Quindi giusto per fare definitiva chiarezza e con l’apporto inconfutabile di testimonianze attendibili vediamo di ripercorrere i fatti verificatisi questi ultimi giorni.

Dunque il porto è pronto, finito nella sua struttura portante ed è in attesa di essere consegnato alla ditta che risulterà vincente del bando perché lo gestisca per i prossimi venti anni.
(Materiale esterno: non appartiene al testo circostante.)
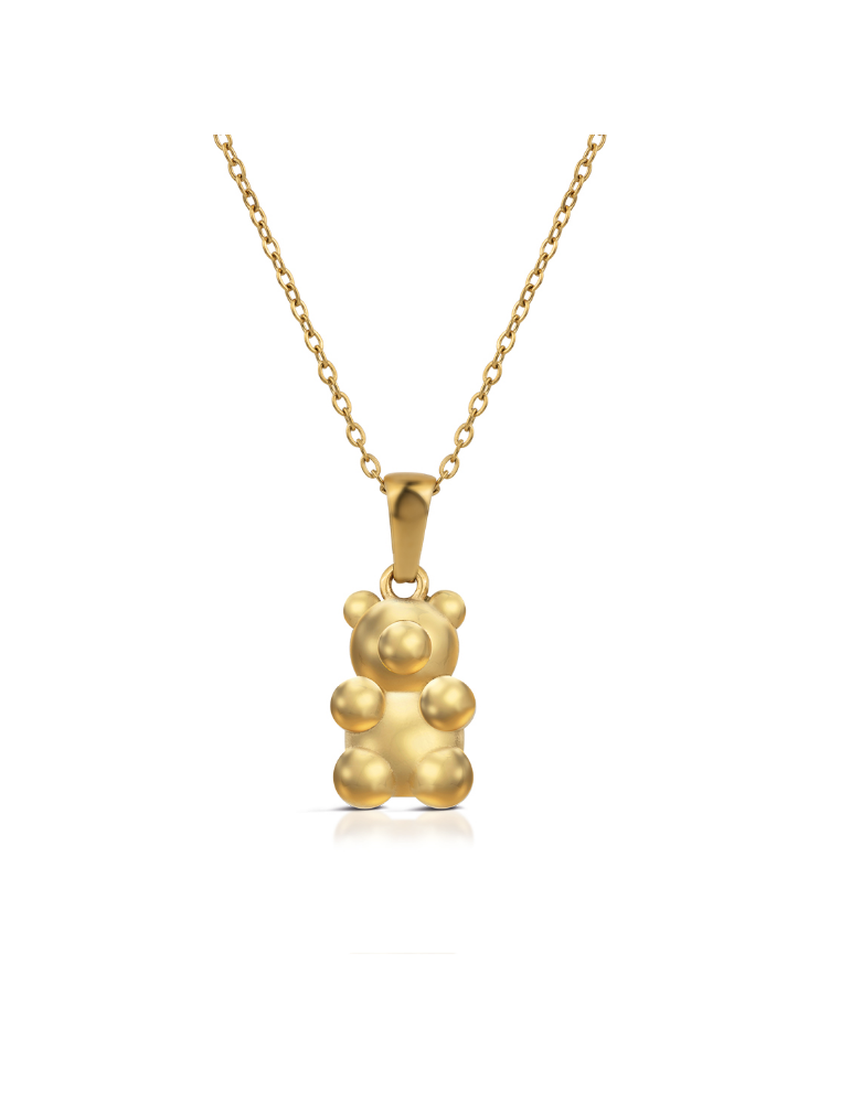 Collana in acciaio lucido con trattamento PVD oro giallo. Pendente a forma di orso Personalizzata OPS!. Lunghezza regolabile da 40 a 45 cm.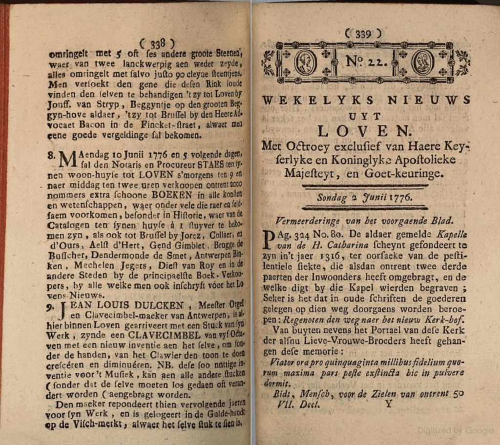 JEAN LOUIS DULCKEN, Meester Orgel en Clavecimbel-maeker van Antwerpen, is al hierbinnen Loven gearriveert met een Stuck van syn Werk, zynde een CLAVECIMBEL van vyf Octaven met een nieuw inventie aen het selve, om sonder de handen, van het Clavier den toon te doen crescéren en diminuéren. NB. dese soo nuttige inventie voor ‘t Musiek, kan aen alle andere stucken (sonder dat de selve moeten los gedaen oft verandert worden) aengebragt worden. Den maeker repondeert thien vervolgende jaeren Voor syn Werk, en is gelogeert in de Gulde-handt op de Visch-markt, alwaer het selve stuk te sien is

Come è a conoscenza di tutti, le due ditte rimaste in gara sono: Italia Navigando con Marina di Villa Igiea da una parte e Ustica Line con il Comune di Balestrate, cioè Sicciara Marine di Balestrate dall’altra.

E’ opinione comune, avvalorata dal testo del bando, che l’esito finale dovrebbe favorire la Sicciara, che fra le altre cose si propone oltre che come gestore del porto anche come volano di sviluppo socio economico del territorio a tutto beneficio di Balestrate e dei balestratesi come da impegno contenuto nei patti parasociali allegati allo statuto.

Tale opinione comune però e notevolmente contrastata dall’altra società che non intende rinunciare alla vittoria finale vantando grosse esperienze gestionali ed accusando ripetutamente la Sicciara di brogli e mancanza di requisiti nonostante gli organi competenti regionali abbiano sentenziato categoricamente l’inconsistenza di queste accuse.

Intanto, in attesa che l’Assessore pro-tempore al Territorio ed Ambiente si decida a firmare il decreto di aggiudicazione del bando, il nostro sindaco, Tonino Palazzolo, desideroso di diventare il 101° padre del porto, in un impeto di leggera e cieca euforia e forse malconsigliato opportunamente da inesperti collaboratori, si autopropone quale gestore unico e temporaneo dell’intera struttura.
Intempestiva e quanto mai sgangherata iniziativa gradita solo alle istituzioni regionali pronte ad abdicare il regno pro-tempore del porto e deresponsabilizzarsi così in un sol colpo di oneri e grane.

Ma il buono e sprovveduto Tonino, partito in quarta, come un moderno Don Chisciotte si trova subito in grosse difficoltà a causa del reperimento dei fondi per fronte alle spese di gestione ed è quindi costretto a fare marcia indietro causando riprovazione fra i dirigenti degli enti regionali e malcontento e delusioni in quanti già pensavano di mettere le mani sul porto.

Allora che fa il nostro irresponsabile e teleguidato sindaco: sembrerebbe che, ancora una volta parta, lancia in resta, all’attacco del “bastione regionale” per tentare di fare revocare il bando per la gestione ventennale del porto e farlo modificare in maniera che chiunque si aggiudichi la gestione futura del porto di Balestrate paghi “ad aeternum” una sorta di pizzo al Comune.
Così facendo si sarebbe “svenduto” la partecipazione del Comune alla gestione del porto con conseguente perdita dei privilegi dei patti parasociali sottoscritti dalla società mista che prevedono di utilizzare personale e ditte balestratesi.

Ovviamente il “bastione regionale” respinge beffardo e sdegnoso l’improponibile ed illegale proposta e rimanda tutti a casa. Che figura !!!!!!!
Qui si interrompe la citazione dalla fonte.